- Opening Delimiter -

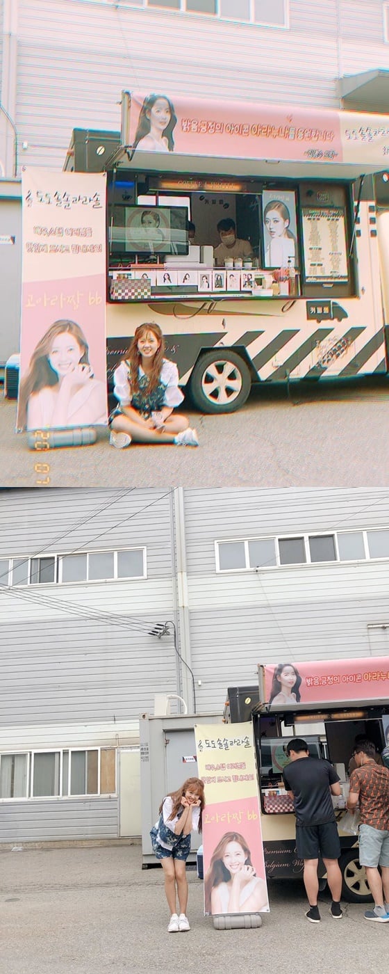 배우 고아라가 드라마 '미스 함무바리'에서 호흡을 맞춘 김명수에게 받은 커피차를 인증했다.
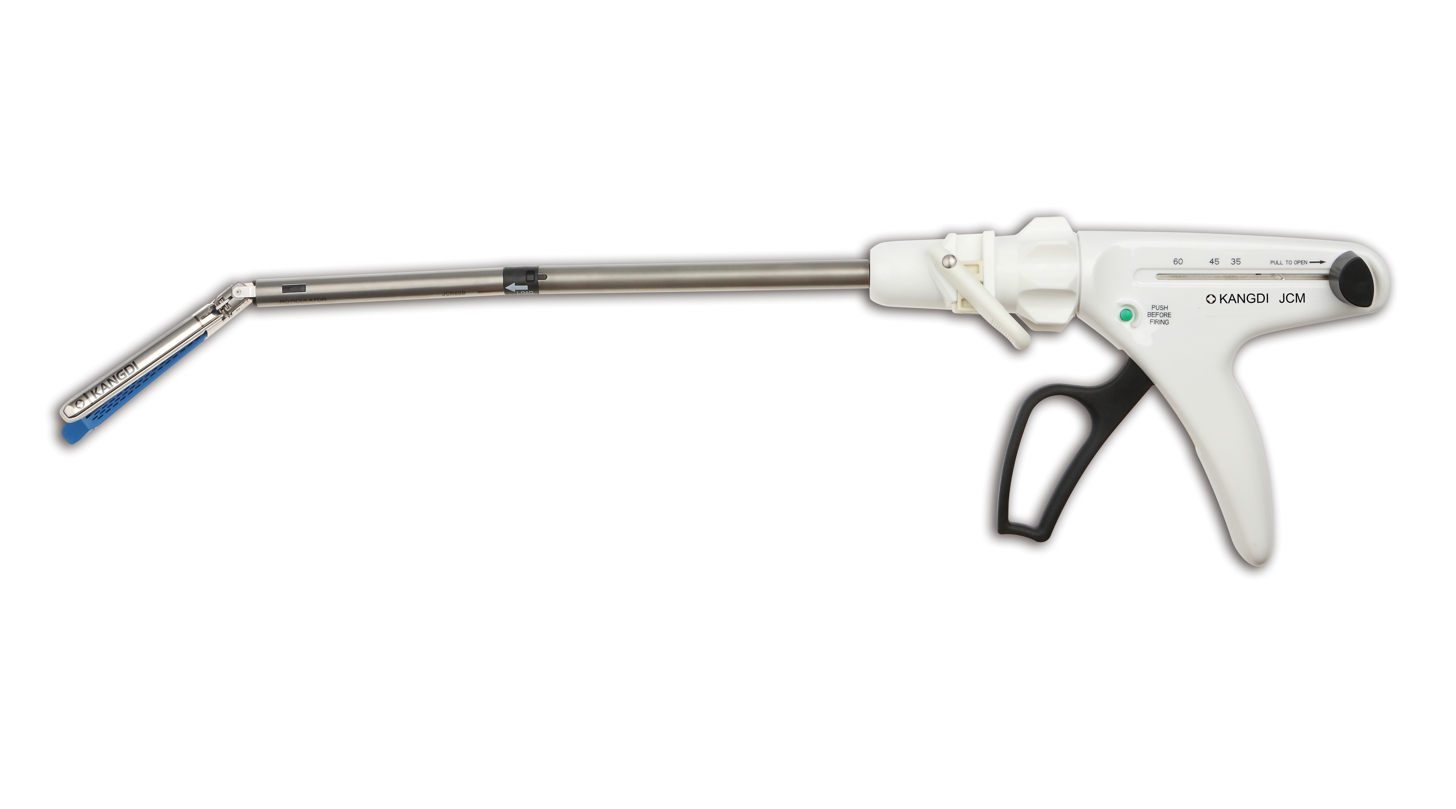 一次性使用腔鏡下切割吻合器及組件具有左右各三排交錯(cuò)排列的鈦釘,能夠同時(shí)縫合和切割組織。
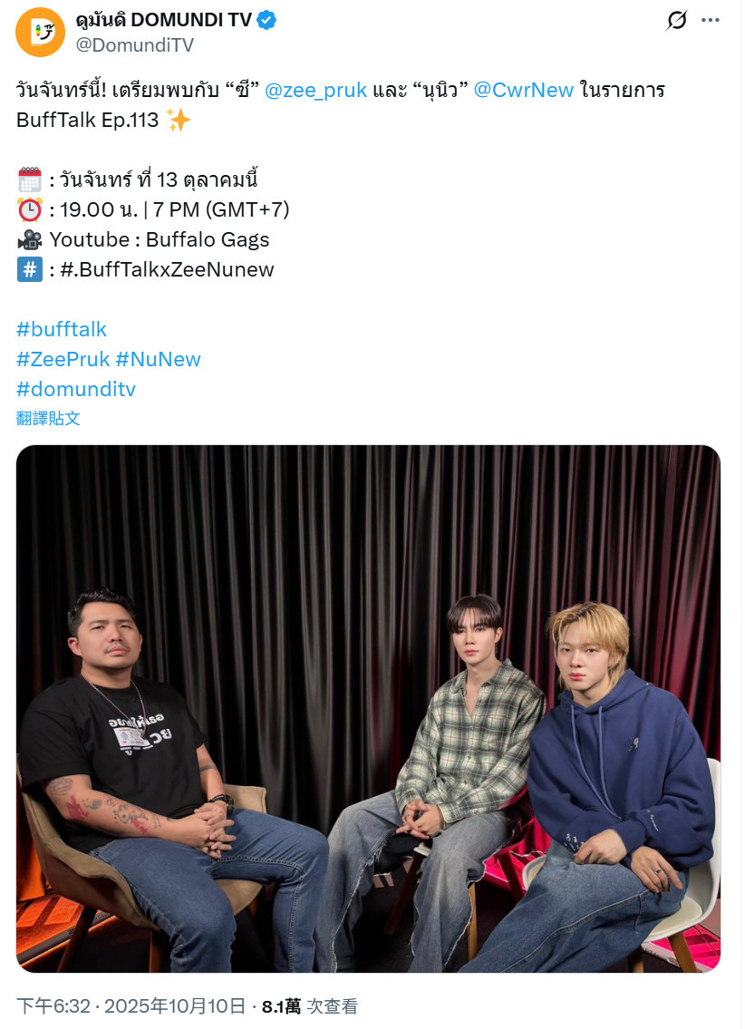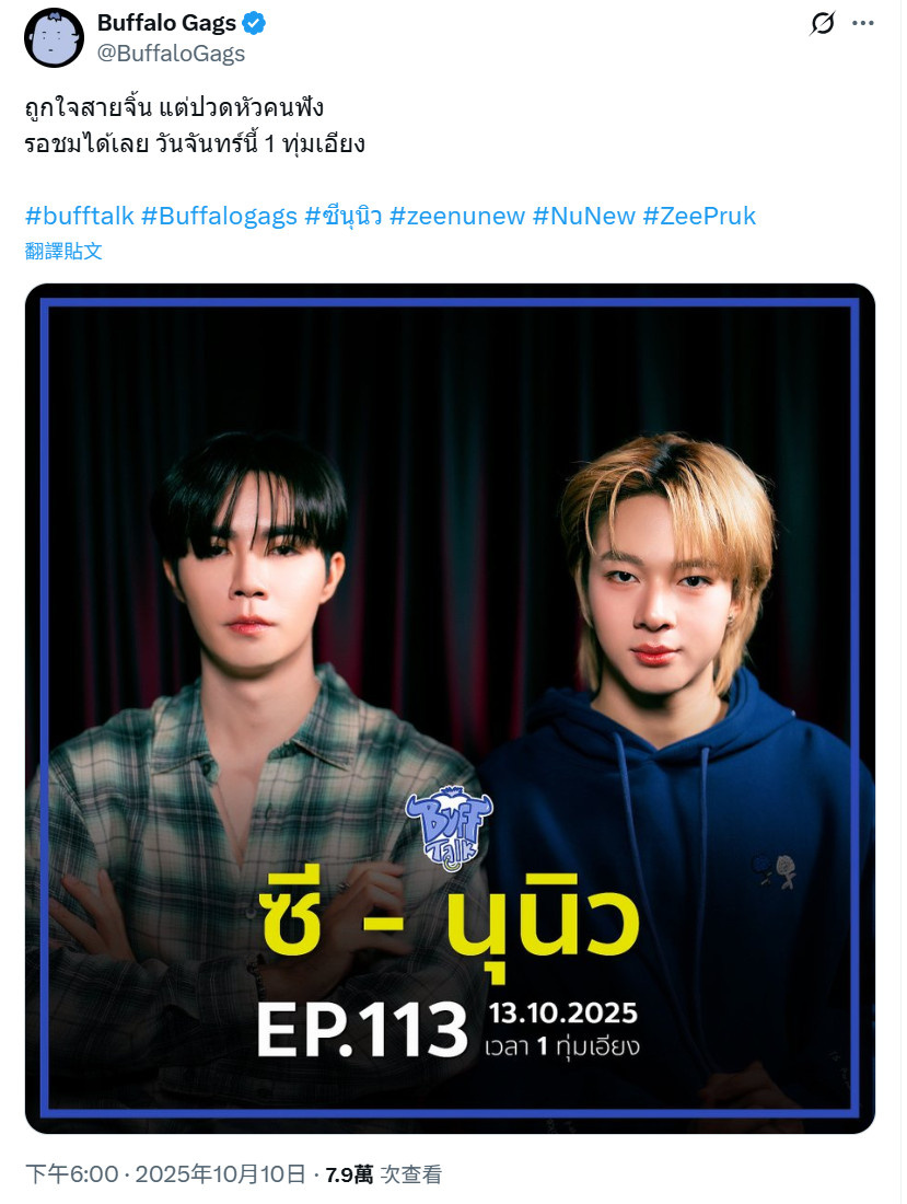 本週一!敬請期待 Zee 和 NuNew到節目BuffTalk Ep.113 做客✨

- Closing Delimiter -
- Opening Delimiter -

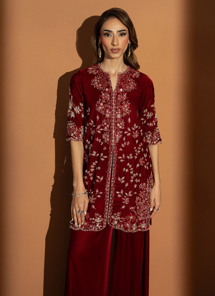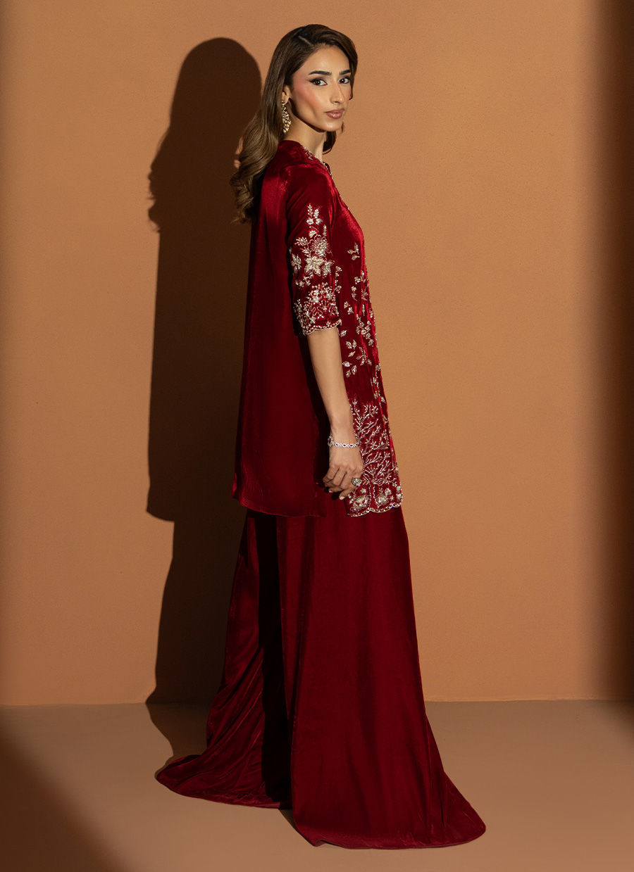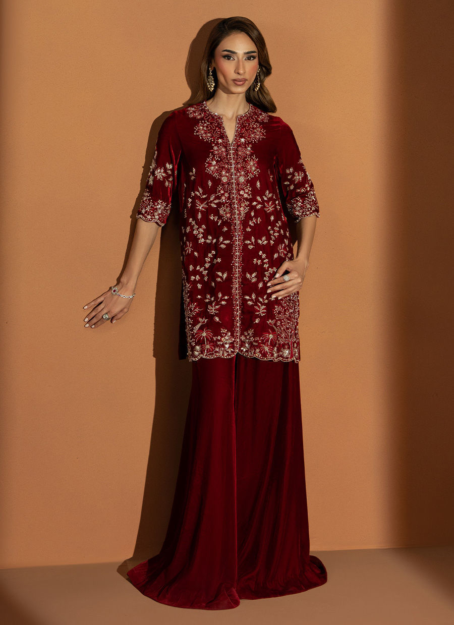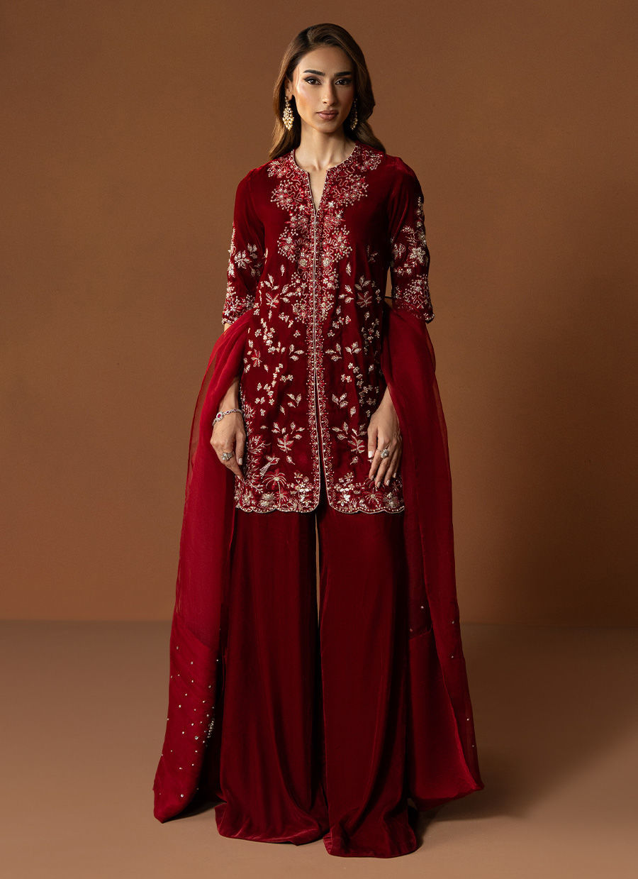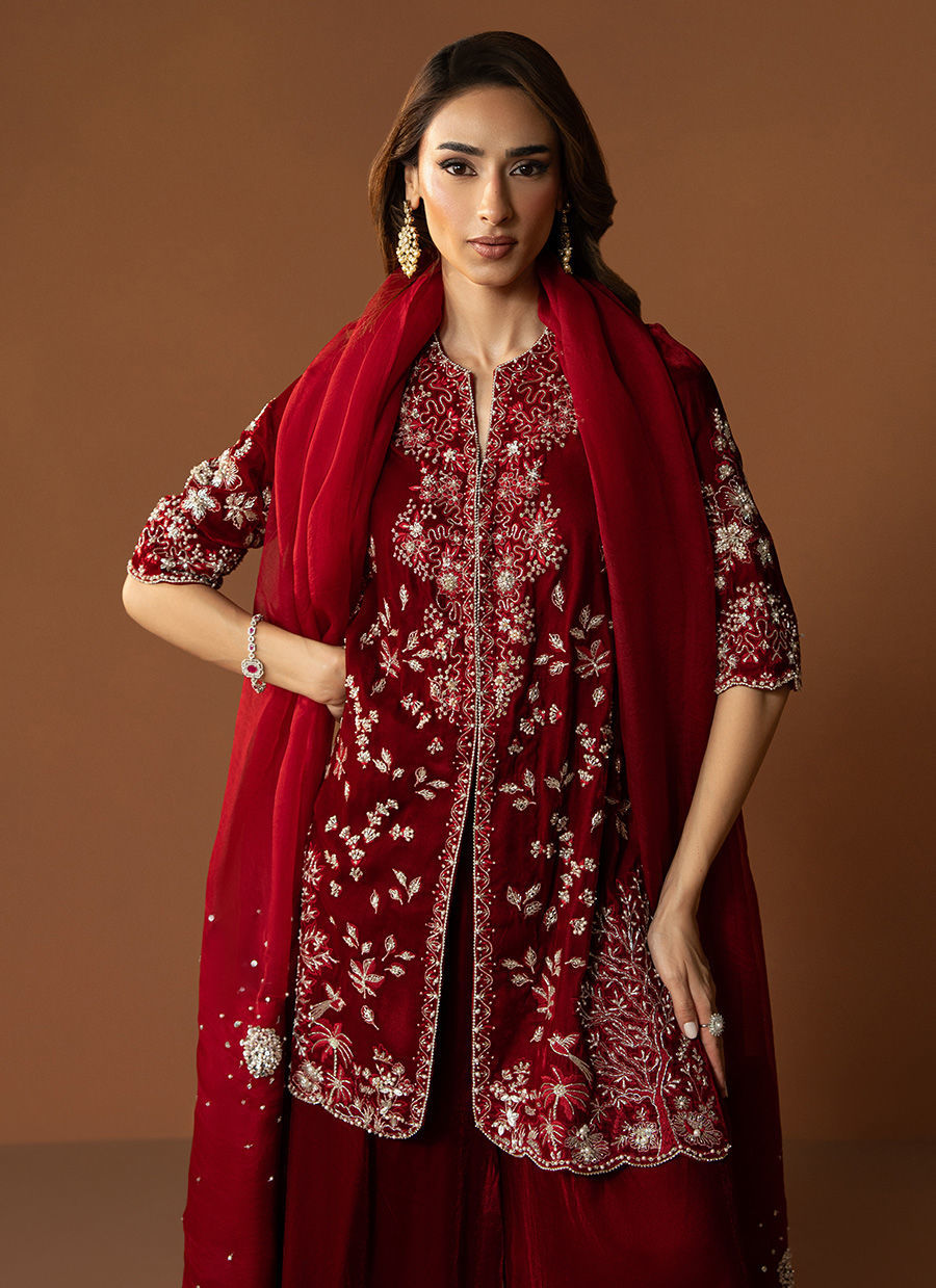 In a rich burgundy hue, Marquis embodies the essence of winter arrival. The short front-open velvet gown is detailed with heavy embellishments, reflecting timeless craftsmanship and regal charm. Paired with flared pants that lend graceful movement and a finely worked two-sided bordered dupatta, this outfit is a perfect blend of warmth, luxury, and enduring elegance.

- Closing Delimiter -

- [What you have to do]: Write back word for word every line in the entries above from the one with "배우 고아라가 드라마" to the one with "本週一!敬請期待 Zee 和 NuNew到節目BuffTalk Ep.113 做客✨", ends included, and none of the pictures.

- [Completed exercise]:
 배우 고아라가 드라마 '미스 함무바리'에서 호흡을 맞춘 김명수에게 받은 커피차를 인증했다.
 一次性使用腔鏡下切割吻合器及組件具有左右各三排交錯(cuò)排列的鈦釘,能夠同時(shí)縫合和切割組織。
 本週一!敬請期待 Zee 和 NuNew到節目BuffTalk Ep.113 做客✨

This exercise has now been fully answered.